Is determinant uniformly continuous?

Question

The determinant map $\det$ sending an $n\times n$ real matrix to its determiant is continuous since it's a polynomial in the coefficients. Is it also uniformly continuous?

Answer 1

For $n=1$, clearly yes as $\det (a)=a$ is linear.

For $n\geq 2$, no. Consider the sequence of diagonal matrices $D_n=\mbox{diag}(\sqrt{n},\sqrt{n},1\ldots,1)$ and use, say, the operator norm inherited from the $\ell^2$ norm. Then $\|D_{n+1}-D_n\|=\frac{1}{\sqrt{n}+\sqrt{n+1}}\longrightarrow 0$ while $\det D_{n+1}-\det D_n=1$ for every $n$.

Note: since all the norms are equivalent on $M_n$, the determinant will not be uniformly continuous for any matrix norm. I assume you are asking your question with a normed space structure on $M_n$ in mind. But with an ad hoc distance, the determinant could become uniformly continuous.
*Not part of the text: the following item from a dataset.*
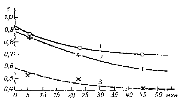 Г.И. Швебс отмечает также что уменьшение впитывания наблюдается не только при установившимся режиме, а проявляется с самого начала опыта. Правда, по мере развития стока, влияние эродированности увеличивается на (рисунке 6) показана динамика величины относительного изменения впитывания ( f = K'0/K0, где K'0 и K0 – интенсивности впитывания на смытой и не смытой почвах) во времени для почв с различной степенью смытости гумусового горизонта.
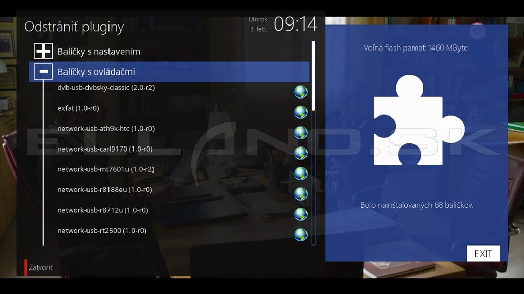Ak si nie ste istí, či je driver už nainštalovaný, overíte to priamo v Enigma2. Vojdite do Menu - Prehliadač pluginov a stlačte červené tlačidlo (zobrazí sa zoznam už nainštalovaných doplnkov).

Trivial example: the discrete distance...

Answer 2

The determinant function on the set of $n\times n$ matrices is a non-zero polynomial which is homogeneous of degree $n$.

Since the restriction of a uniformly continuous function to a subspace is still uniformly continuous, it is enough to show that the restriction of $\det$ to the line spanned by any matrix with non-zero determinant is not uniformly continuous.

That is easy, because that restriction is (up to more or less obvious identifications) the function $t\in\mathbb R\mapsto t^n\in\mathbb R$.

A different way to say this is as follows: let $A\in M_n(\mathbb R)$ be any matrix with determinant equal to $1$. Then the map $f:t\in\mathbb R\mapsto tA\in M_n(\mathbb R)$ is linear, so uniformly continuous. If $\det:M_n(\mathbb R)\to\mathbb R$ were uniformly continuous, then the composition $\det\circ f:\mathbb R\to\mathbb R$ would also be uniformly continuous, and it isn't unless $n=1$, for $\det f(t)=t^n$ for all $t\in\mathbb R$.